Phosphorylation cascade regulates the formation and maturation of rotaviral replication factories

The rotavirus (RV) genome is replicated and packaged into virus progeny in cytoplasmic inclusions called viroplasms, which require interactions between RV nonstructural proteins NSP2 and NSP5. How viroplasms form remains unknown.
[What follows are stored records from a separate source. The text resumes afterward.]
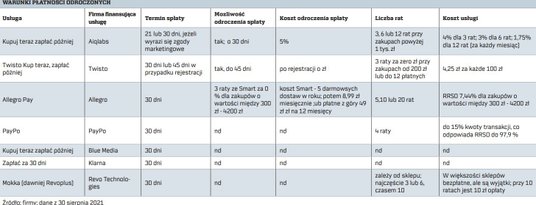 W pierwszej z firm wystarczy zgłosić chęć skorzystania z usługi i potwierdzić płatność otrzymanym kodem. Wszystko bez zbędnych formalności znanych z płatności ratalnych oferowanych przez sklepy we współpracy z bankami. Zakupy są najczęściej rozkładane na trzy lub sześć rat, czasem na dziesięć, ale wtedy opłata wynosi 10 zł. Na stronie Mokka, marki należącej do Revo Technologies, można wejść w ofertę wybranego sklepu i zanim wybierze się produkt, sprawdzić wszystkie warunki finansowania. W Twisto termin płatności można odroczyć o 45 dni, płatność rozłożyć bezpłatnie na trzy miesięczne raty lub na 12, ale nie jest to tanie. RRSO wyniesie ponad 60 proc., a nawet dwa razy więcej. Nie będzie natomiast niespodzianek, ponieważ na stronie Twisto jest kalkulator.
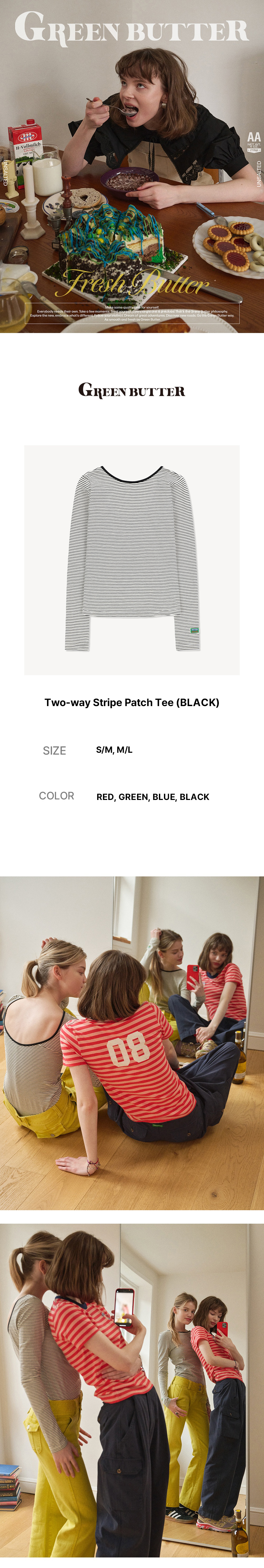 그린버터 투 웨이 스트라이프 패치 티 블랙
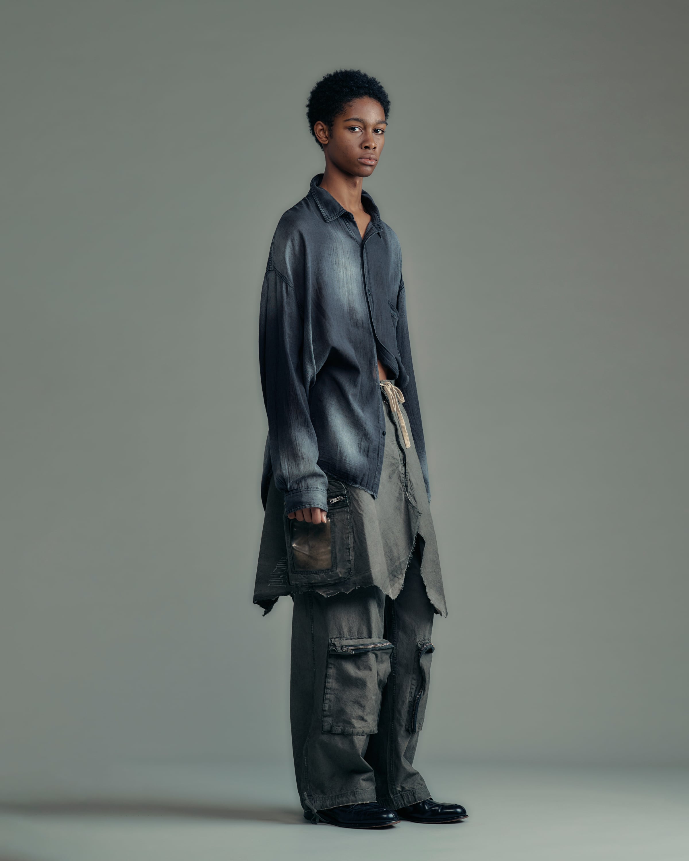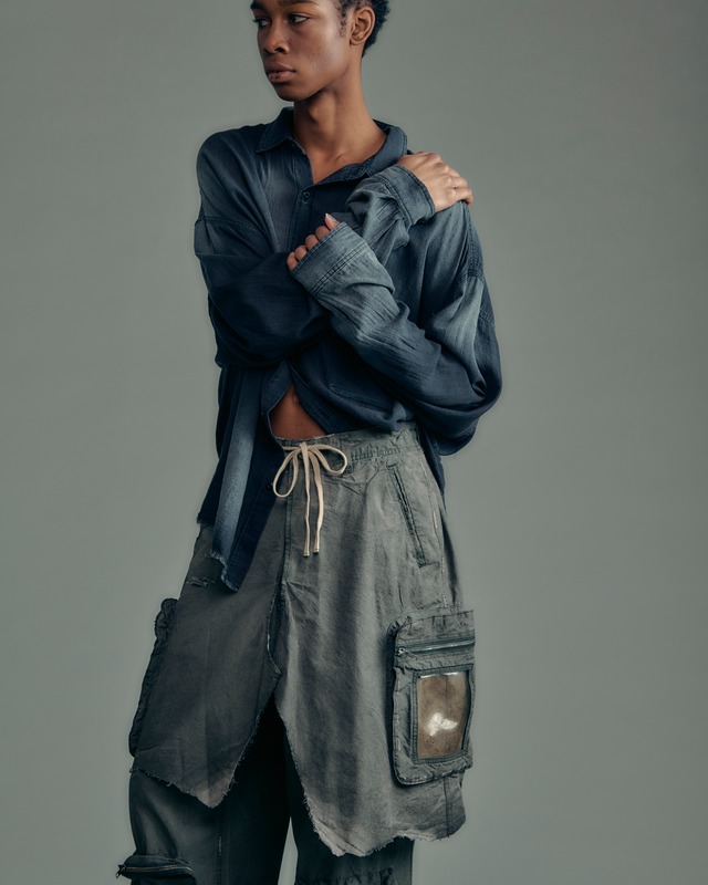 ADAM PATEK aging sheer denim shirt (BLK) AP2615008
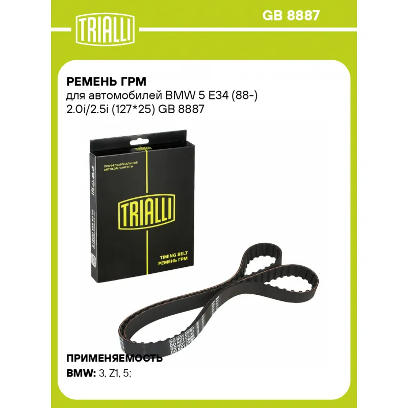 Ремень ГРМ для автомобилей BMW 5 E34 (88-) 2.0i/2.5i (127*25) Характеристики: Артикул: GB 8887 OEM номера: 11 31 1 711 081, 11 31 1 713 361 Материал: Полихлоропрен (CR) Особенности конструкции:: 127SPR25 Ширина, мм: 25 Количество ребер: 127 Длина, мм.: 1457 Гарантийный срок: 2 года/60 000 км. Количество на автомобиль: 1 Товарная... Читать полностью →
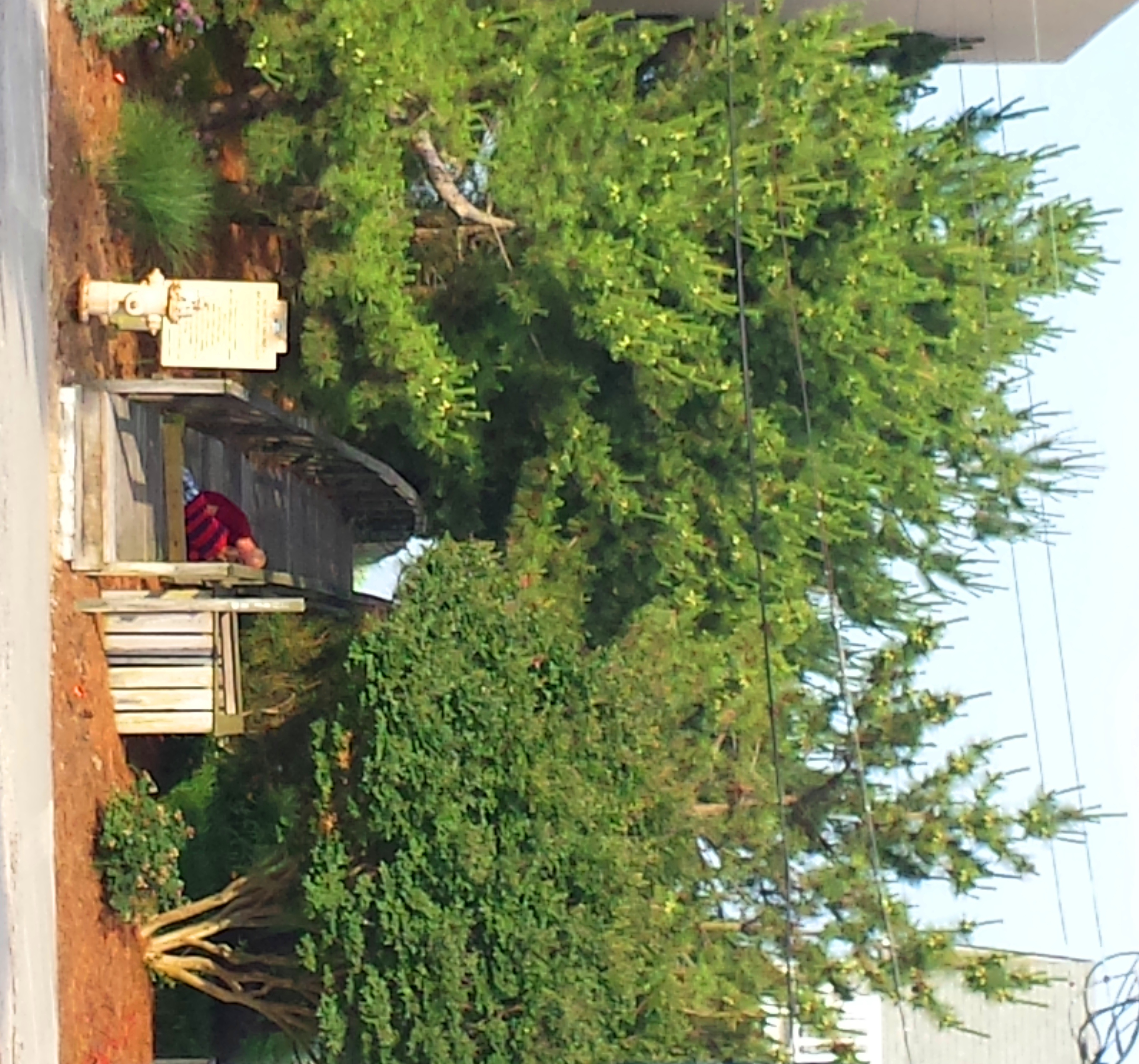 Its sole purpose is to provide a place for beach chairs and umbrellas to rest beside the garage.

We previously found two forms of NSP2 in RV-infected cells: a cytoplasmically dispersed dNSP2, which interacts with hypophosphorylated NSP5; and a viroplasm-specific vNSP2, which interacts with hyperphosphorylated NSP5. Other studies report that CK1 alpha, a ubiquitous cellular kinase, hyperphosphorylates NSP5, but requires NSP2 for reasons that are unclear. Here we show that silencing CK1 alpha in cells before RV infection resulted in (i) >90% decrease in RV replication, (ii) disrupted vNSP2 and NSP5 interaction, (iii) dispersion of vNSP2 throughout the cytoplasm, and (iv) reduced vNSP2 protein levels. Together, these data indicate that CK1 alpha directly affects NSP2. Accordingly, an in vitro kinase assay showed that CK1 alpha phosphorylates serine 313 of NSP2 and triggers NSP2 octamers to form a lattice structure as demonstrated by crystallographic analysis. Additionally, a dual-specificity autokinase activity for NSP2 was identified and confirmed by mass spectrometry. Together, our studies show that phosphorylation of NSP2 involving CK1 alpha controls viroplasm assembly. Considering that CK1 alpha plays a role in the replication of other RNA viruses, similar phosphorylation-dependent mechanisms may exist for other virus pathogens that require cytoplasmic virus factories for replication.